The alignment files are accessible in the URLs listed at Supplementary Table 12, and the assemblies used are listed in Supplementary Table 13. Coverage statistics from the resulting alignments were obtained using the halCoverage tool (https://github.com/ComparativeGenomicsToolkit/hal, commit 68db41d). To confirm that these improvements were likely caused by the removal of paralogous rather than orthologous alignments, we compared phylogenetic trees implicit in the columns of HAL alignments to independently re-estimated approximately-ML trees produced by FastTree (http://www.microbesonline.org/fasttree/, version 2.1.11) [61] for the same regions. The duplication-timing evaluation was performed using a custom pipeline (https://github.com/joelarmstrong/treeBuildingEvaluation) designed to sample columns from a HAL file and evaluate their trees against an independently re-estimated tree of the same region. For this analysis we used the two 12-boreoeutherian alignments described above, sampling 10,000 columns from the human genome. The comparison trees were built from a context of 1000 bases around the entries in each sampled column using FastTree 2.1.10 and the -gtr -nt options. Only duplicated columns were counted in the final output (columns containing no duplications did not count in the results). The coalescence pairs were evaluated using the --onlySelf option, meaning that only pairs that included the sampled site were counted in the results. To avoid weighting columns with a high number of copies per genome more than columns with a low number of copies per genome, only a single coalescence was randomly sampled per column.

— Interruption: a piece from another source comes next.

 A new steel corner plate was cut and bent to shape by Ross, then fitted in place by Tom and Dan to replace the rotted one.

Since HAL does not produce a fully binarized history of duplication events, we compared the most recent common ancestor (MRCA) of randomly selected pairs of sites from genomes containing a duplication within the column. If the MRCA species in the HAL tree is a descendant of the MRCA species within the reconciled ML tree, that implies that there are paralogs represented as orthologs within the HAL tree (since a duplication event must have been resolved too early). Similarly, if the MRCA species within the HAL tree is an ancestor of that within the reconciled ML tree, a duplication event must have been resolved too late in the HAL tree, implying additional false loss/deletion events. The number of paralogous alignments (represented by the coalescence time between duplicated sequences being too “early” in the HAL tree relative to the ML tree) in the alignment of the 12 boreoeutherian genomes was clearly reduced (46% in the outgroup filtering vs 26% in the best-hit filtering) (Extended Data Figure 1D).

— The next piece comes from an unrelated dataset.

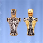 На лицевой стороне образка, выполненного в виде щита,закрывающего крест, изображен Ангел-Хранитель. Это Ангел,который дается каждому человеку в Крещении для попечения и защиты его души. Ангел-Хранитель неотступно находится рядом с человеком, помогая, оберегая и наставляя его, а после смерти сопровождает его душу через мытарства. На обороте написана молитва Ангелу-Хранителю:«Ангеле Божий, хранителю мой святый, не остави мене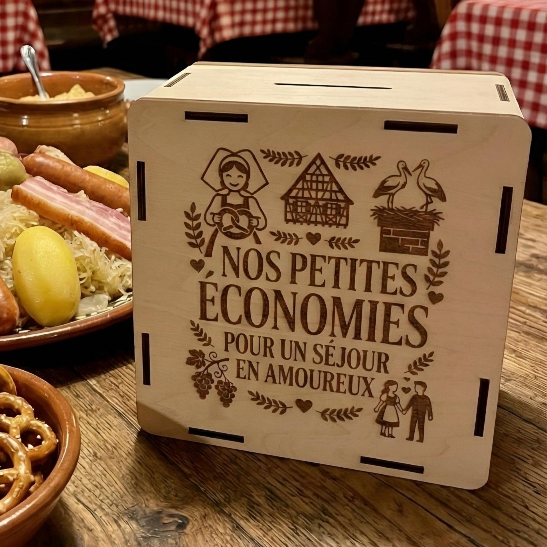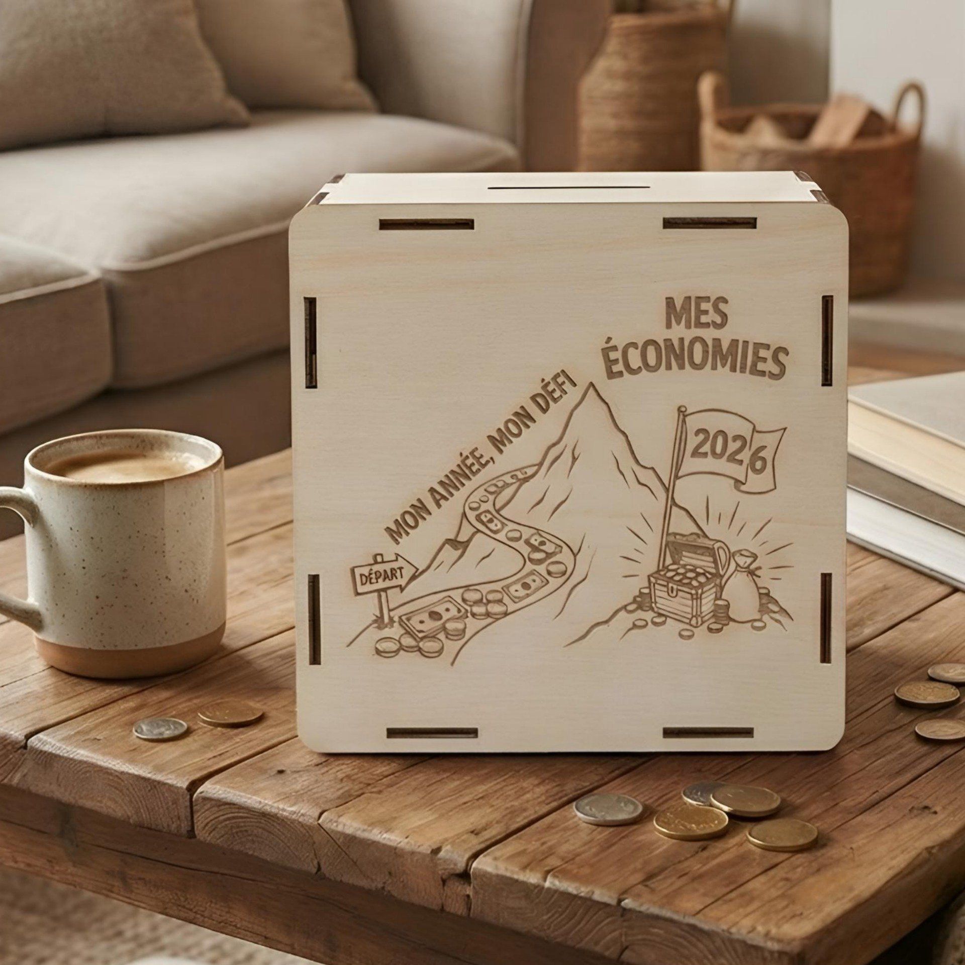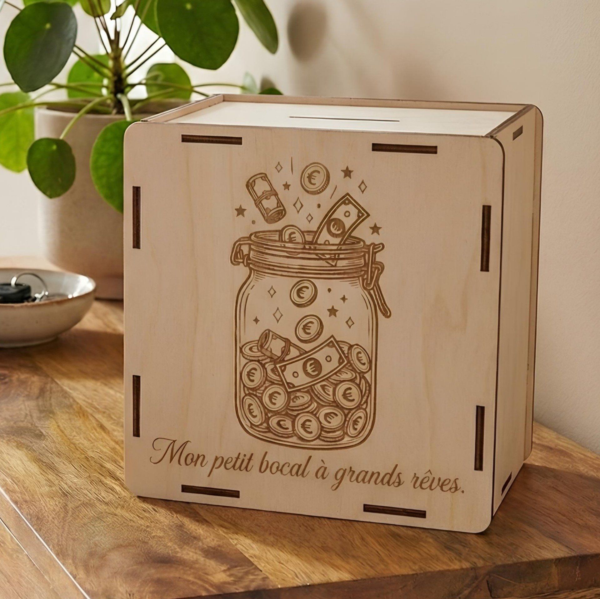 La tirelire est découpée puis gravée sur mesure en bois contreplaqué, dans mon atelier en France, avec soin.

We separately ran the Comparative Annotation Toolkit (CAT; https://github.com/ComparativeGenomicsToolkit/hal, commit 68db41d) [9] on identical human, chimpanzee, and gorilla assemblies (hg38, panTro6, and gorGor5 assemblies) in two alignments using the outgroup and best-hit filtering methods. We ran using the GENCODE V30 gene set [62]. We projected the transcripts solely via transMap without the use of the AUGUSTUS modes. Multiple-mapping statistics as well as the gene composition of the final gene set were taken from the filter_tm_metrics.json file in the CAT output.

Not only was CAT less likely to identify a human gene in multiple chimp loci using the best-hit filtering (e.g. 6.5% vs. 9.8% multiple-mappings across all genes in chimp, and 5.9% vs. 13.8% for the recently-duplicated KRAB zinc-finger gene family) (Extended Data Figure 1E), but as a result orthologs for 104 more human genes were identified in the output gene set for chimp (182 in gorilla) (Supplementary Table 14). This is likely because tens of thousands of fewer paralogous transcripts were filtered out in the initial filtering phase of CAT (Supplementary Table 15), reducing confusion about which transcript projection to put into the gene set.

Removing recoverable chains

The original CAF algorithm was focused on removing small rearrangements while retaining as much of the original alignment relationships as possible in the filtered cactus graph. However, because the input local alignments are insensitive, the original alignment relationships are likely to have missed certain homologies. This can result in what we term incomplete blocks: blocks that contain some alignment relationships but are missing others, i.e. are proper subsets of the corresponding “true” alignment block. In our anchor-and-extend process, once a block becomes an anchor it can never be modified. As a result, these incomplete blocks will remain incomplete: they prevent the true alignment relationship from being found, even if an adjacent syntenic anchor block is complete and contains all desired alignment relationships. These problematic incomplete blocks become more prevalent at longer evolutionary distances: the local aligner will miss more true homologies at increasing distances, causing more incomplete blocks and in turn a far worse alignment.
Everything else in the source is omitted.